# Credit score issues



## CalGirl1949 (Sep 15, 2018)

I'm wondering how important your credit score (with the credit bureaus in the U.S.) is when renting an apartment or opening a bank account, etc. in the EU countries. I haven't checked mine in a long time so I'm not sure what it is but it's probably not spotless. How much importance do they put on it if you want to rent a small apartment in Germany or Austria, etc.? Also, is it mandatory to have a bank account? Here I don't have one since I hate dealing with banks and their endless fees so my Social Security check is auto deposited onto the government debit card and I just pay bills with that - can you still get your SS checks deposited onto your card and use it if you move to a EU country? Not sure how all that works. Thanks in advance for any information that would be helpful.


----------



## Bevdeforges (Nov 16, 2007)

Your credit score in the US is useless in most of Europe. Most credit issues are handled directly through your bank and many types of transactions are done via bank transfers rather than by checks. (Though the Germans are still big fans of cash.)

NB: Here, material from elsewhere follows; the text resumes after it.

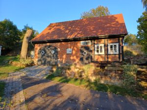 „Erbaut ca. 1860 Schweinemeister auf dem Kloster Heinrich Knoke + Charlotte geb. Böker links ? Küster, Kutscher auf dem Kloster„ E. Fischer Heinz Knoke (1921-1975) u. Lucie Knoke Lucie u Hasso Gottschalk (1931-2002)

US social security benefits can be paid directly into your bank account via a monthly bank transfer, but not via those credit card thingees they have in the States.

The banking systems are very different in Germany from what you're used to in the US.
Cheers,
Bev


----------



## ALKB (Jan 20, 2012)

CalGirl1949 said:


> I'm wondering how important your credit score (with the credit bureaus in the U.S.) is when renting an apartment or opening a bank account, etc. in the EU countries. I haven't checked mine in a long time so I'm not sure what it is but it's probably not spotless. How much importance do they put on it if you want to rent a small apartment in Germany or Austria, etc.? Also, is it mandatory to have a bank account? Here I don't have one since I hate dealing with banks and their endless fees so my Social Security check is auto deposited onto the government debit card and I just pay bills with that - can you still get your SS checks deposited onto your card and use it if you move to a EU country? Not sure how all that works. Thanks in advance for any information that would be helpful.


Credit history does not transfer even within the EU. When I moved to the UK I started from zero - that meant higher deposits and often simply 'computer says no' when it came to any kind of contracts.

What kind of visa will you be on? Or do you have EU citizenship?


----------